● **Try it**
Give the data again exactly as written, without any of its pictures.

● **Data provided**
##########
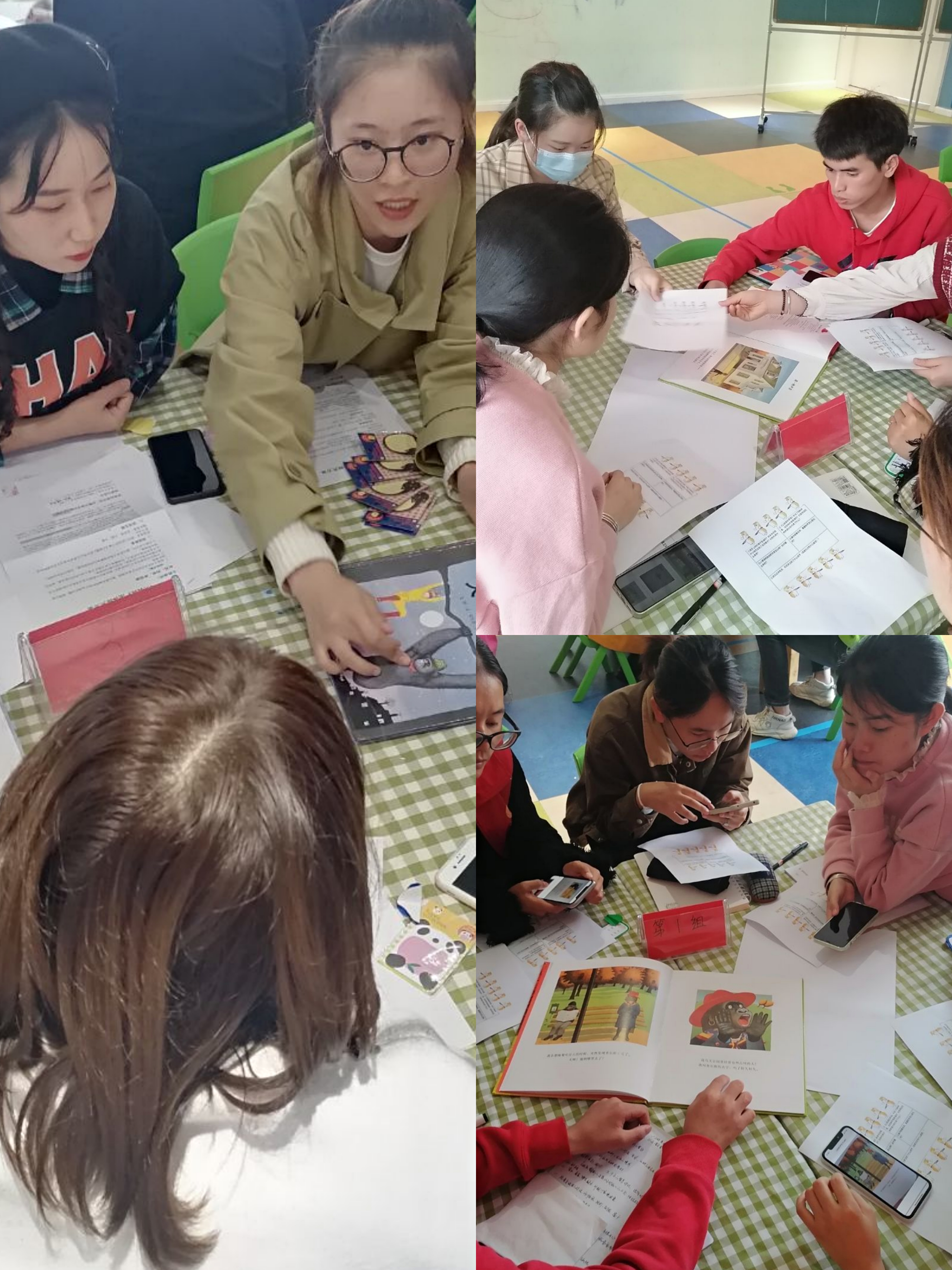 教研活动开始,进入安东尼·布朗的绘本《朱家故事》为背景的游戏时间,参加教研的人员在共建的微信群里接收到了一封来自作者的“挑战解密游戏”邀请函,继而19级学前熊红梦同学担任裁判宣读了游戏积分规则以及进行分组团建,现场一共分为五组,每组9人,每一组都由学生、家长和老师共同组成。解密游戏一共设置了三个关卡,每个关卡作者都会给出线索及总结语,在有趣和激烈的游戏氛围中,学生、老师和家长们逐渐达成对“绘本图片表现力”的感知、理解和表达与表现三个学习层次。接下来开展团体探究活动,其中三个组的团体探究设计和实施由19级学前专业李红锋、陈楠、郭奚言、向佑、周语涵、徐应敏、余婉婷同学负责,另外两个则由幼儿园老师负责。各组按照设计好的“团体探究”的方案对安东尼·布朗另外两本绘本《公园里的声音》、《大猩猩》的图片细节表现力进行研讨,并将产出呈现在提前设计好的背景纸上进行反思汇报,最后,罗婷老师进行了总结和拓展,并结合“基于批判性思维的‘5c’团体探究标准”对各个小组进行了点评。
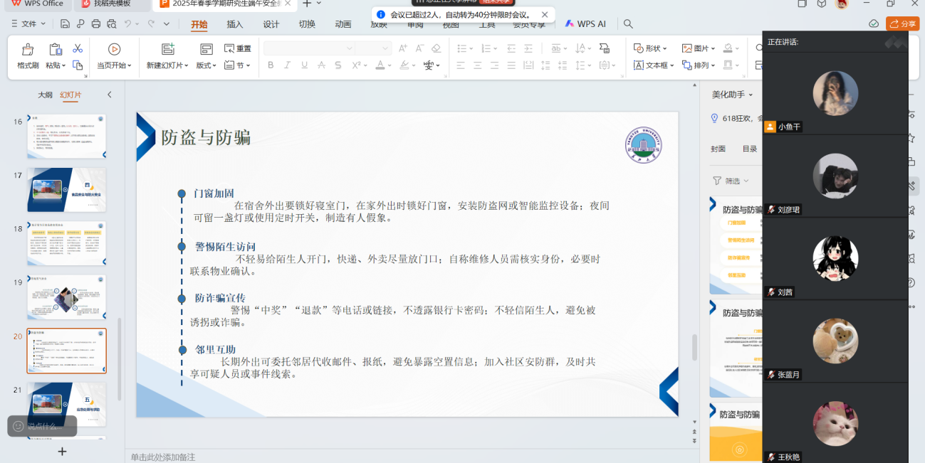 班会重点聚焦于假期安全,结合典型案例从离校安全、就业安全、防诈骗安全等方面进行了详细讲解,重点强调了离校期间宿舍安全、交通安全、财产安全等注意事项,要求全体研究生提高安全意识,确保平安离校。
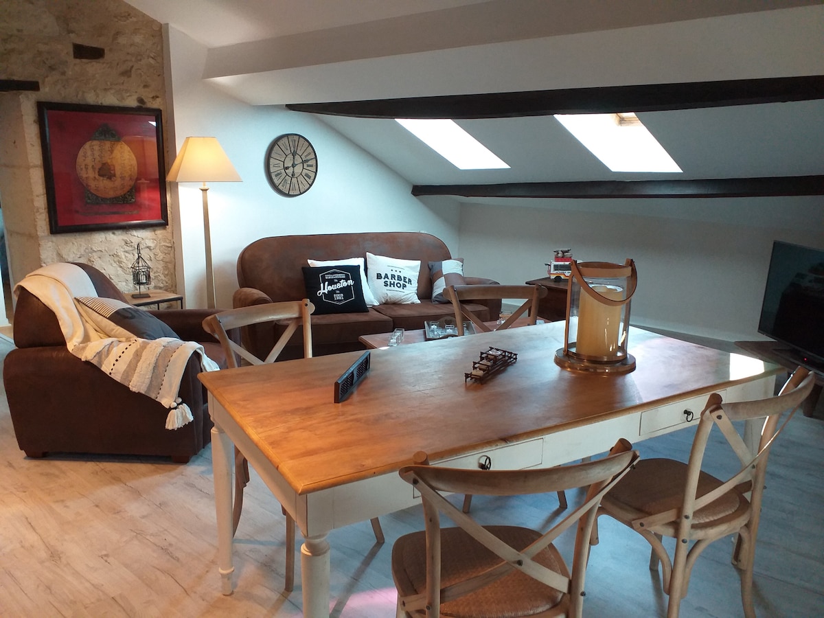 Charming loft/duplex (120 m2) in an old renovated farmhouse in the heart of Périgord-Dordogne. Settled on the top of a quite hill, surrounded by 10 ha with orchard, vegetable garden, meadows and woods overlooking the valley and village. Private outdoor areas. Wood heating. Saltwater overflow swimming pool (70 m2). High band internet. 30mn/Bergerac vineyards, 1hour/prehistoric sites (Lascaux). Easy access (10mn/highway, 1h/Bordeaux airport). Artist studio on request. Winter long term welcomed.
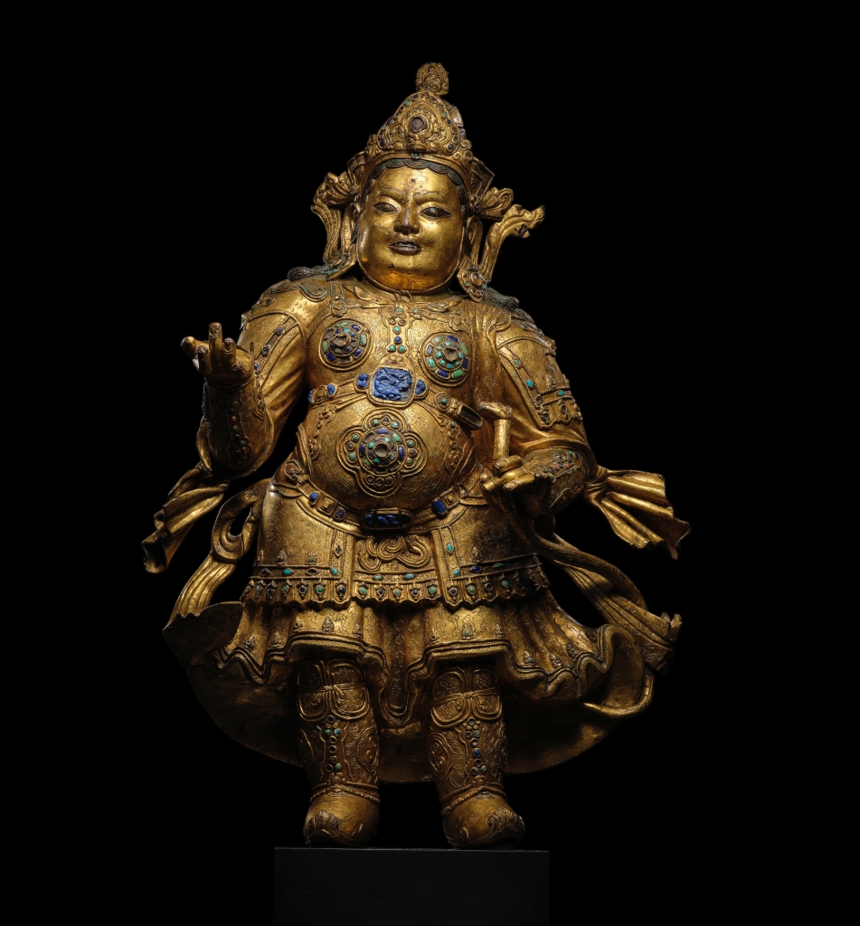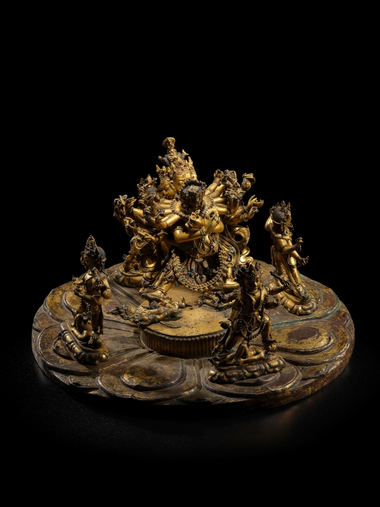 本場以藏中丹薩替15世紀早期《銅鎏金西方廣目天王像》領銜,自2000萬港元起拍,經歷5口叫價後,以3100萬港元落槌,加佣金為3796萬4000港元,奪得桂冠。此尊造像出自藏中地區丹薩替寺,曾屹立其寺內一座吉祥多門塔之上,莊嚴威武,鎮守西方,為丹薩替寺最為碩大而壯觀的作品。丹薩替寺曾經無比顯赫,其造像為佛像藝術最為輝煌、最具代表性的成就之一,較西藏其他時期鎏金銅像更為碩大厚重、寶石琳瑯奪目、細節豐富優美,是藏家夢寐以求的珍品,惜傳世極稀,品相極佳者更是寥若晨星。此尊像為目前所知之市場孤品,高73公分,較丹薩替寺其他題材之獨立造像大兩倍,為最巨型的西藏銅鎏金造像之一,喜馬拉雅藝術史上一標誌性重器。與此尊像體量相近的丹薩替天王像屈指可數,且已入藏於巴黎吉美博物館、北京首都博物館以及臺北故宮等,此尊像可謂傳世市場孤品。
##########
● **Solution**
 教研活动开始,进入安东尼·布朗的绘本《朱家故事》为背景的游戏时间,参加教研的人员在共建的微信群里接收到了一封来自作者的“挑战解密游戏”邀请函,继而19级学前熊红梦同学担任裁判宣读了游戏积分规则以及进行分组团建,现场一共分为五组,每组9人,每一组都由学生、家长和老师共同组成。解密游戏一共设置了三个关卡,每个关卡作者都会给出线索及总结语,在有趣和激烈的游戏氛围中,学生、老师和家长们逐渐达成对“绘本图片表现力”的感知、理解和表达与表现三个学习层次。接下来开展团体探究活动,其中三个组的团体探究设计和实施由19级学前专业李红锋、陈楠、郭奚言、向佑、周语涵、徐应敏、余婉婷同学负责,另外两个则由幼儿园老师负责。各组按照设计好的“团体探究”的方案对安东尼·布朗另外两本绘本《公园里的声音》、《大猩猩》的图片细节表现力进行研讨,并将产出呈现在提前设计好的背景纸上进行反思汇报,最后,罗婷老师进行了总结和拓展,并结合“基于批判性思维的‘5c’团体探究标准”对各个小组进行了点评。
 班会重点聚焦于假期安全,结合典型案例从离校安全、就业安全、防诈骗安全等方面进行了详细讲解,重点强调了离校期间宿舍安全、交通安全、财产安全等注意事项,要求全体研究生提高安全意识,确保平安离校。
 Charming loft/duplex (120 m2) in an old renovated farmhouse in the heart of Périgord-Dordogne. Settled on the top of a quite hill, surrounded by 10 ha with orchard, vegetable garden, meadows and woods overlooking the valley and village. Private outdoor areas. Wood heating. Saltwater overflow swimming pool (70 m2). High band internet. 30mn/Bergerac vineyards, 1hour/prehistoric sites (Lascaux). Easy access (10mn/highway, 1h/Bordeaux airport). Artist studio on request. Winter long term welcomed.
 本場以藏中丹薩替15世紀早期《銅鎏金西方廣目天王像》領銜,自2000萬港元起拍,經歷5口叫價後,以3100萬港元落槌,加佣金為3796萬4000港元,奪得桂冠。此尊造像出自藏中地區丹薩替寺,曾屹立其寺內一座吉祥多門塔之上,莊嚴威武,鎮守西方,為丹薩替寺最為碩大而壯觀的作品。丹薩替寺曾經無比顯赫,其造像為佛像藝術最為輝煌、最具代表性的成就之一,較西藏其他時期鎏金銅像更為碩大厚重、寶石琳瑯奪目、細節豐富優美,是藏家夢寐以求的珍品,惜傳世極稀,品相極佳者更是寥若晨星。此尊像為目前所知之市場孤品,高73公分,較丹薩替寺其他題材之獨立造像大兩倍,為最巨型的西藏銅鎏金造像之一,喜馬拉雅藝術史上一標誌性重器。與此尊像體量相近的丹薩替天王像屈指可數,且已入藏於巴黎吉美博物館、北京首都博物館以及臺北故宮等,此尊像可謂傳世市場孤品。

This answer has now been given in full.